Mitigation measures in general zoning

The preceding chapter indicated the areas making up a hospital and also referred to the need for making certain design variations that would help to mitigate disasters in the building (Figure 12).

It is considered essential, not only for the purpose of disaster mitigation and prevention but also for the administration of the building, that the possibility be explored of separating the General Services sector

Figure 12. location of general services

from the main block of the hospital building (Figure 13). Following are reasons for taking this architectural design measure: a. The boiler area is usually located in the General Services sector, which in most cases becomes a dangerous time bomb that can produce untold disaster if an explosion occurs.

Figure 13. distribution of general services

If the boilers are located outside of the main building, the damages to the general infrastructure would be mild in the event of an explosion and would affect the hospital's operation to a lesser degree. This is also the case of the hospital's gas plant. Although it is true that building a separate structure for these services would increase the initial costs of construction, the increase would be of little consequence compared with the cost of the damages ensuing from an explosion.

b. Another service that is commonly located in the General Services sector is the emergency plant. This service could also be located separately, not so much because of the inherent risks it involves as for the advantage offered by its possible use during critical moments.

If located outside the main building, this plant, in the event of fire or earthquake, could be used to carry out many activities, either outdoors or in sectors of the building that have not been affected. Since the substation and the control panels are located together with the emergency generator, this entire energy complex would be located in the proposed independent structure, whose seismic-resistance specifications would be much stricter in order to ensure its operation even in the event of an intense earthquake.

c. For the same reasons it is considered desirable to locate telephone, radiocommunications, and similar services in this sector, since as in the case of the energy system, they may be used in the event of a disaster situation.

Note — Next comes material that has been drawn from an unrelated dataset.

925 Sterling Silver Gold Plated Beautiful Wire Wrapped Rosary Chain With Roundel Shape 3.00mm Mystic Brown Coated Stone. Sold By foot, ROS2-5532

As mentioned previously, it also is desirable, whenever possible, to locate hospital water storage tanks in this area. Since they are most commonly located on the upper floors of the building, they represent additional loading on the structure and thus increased risk. If these services are located in the independent structure proposed for the general services sector, they would not only reduce the lateral loads on the main building in the event of earthquake, but also make it possible to ensure permanent and continuous water supply during the postdisaster period. With a guaranteed electric power supply, water-pumping equipment would remain in operation, thereby making it possible to supply the building and the fire-fighting system, constituting one more element for the mitigation and prevention of disasters.

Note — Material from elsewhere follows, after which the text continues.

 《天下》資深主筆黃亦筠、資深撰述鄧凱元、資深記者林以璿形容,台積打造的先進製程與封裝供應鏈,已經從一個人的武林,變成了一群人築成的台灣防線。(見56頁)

d. It would also be desirable to locate the kitchen services within the proposed independent structure, where they would be provided with water, electric power, and gas services. Food supply could be available not only for the usable sectors of the hospital building but also for the adapted areas in the open areas. Something similar would occur with the laundry service, which would complete the package of facilities available to serve either partially or totally the areas of the hospital affected by the event or a possible field hospital.

It should be noted that the foregoing is possible if an entire multidisciplinary team is available in which engineers, architects, and planners as well as medical and paramedical personnel, participate in making general proposals for actions, responsibilities, movements, and physical solutions to implement the above recommendation.

This new area or sector of the hospital may be likened to a kind of bunker that houses vital equipment - similar to an intensive care unit - that would be designed to supply and control communications and water, gas, and electrical power to serve either partial or full operation of the hospital or even, in an extreme case, a field hospital (Figure 14).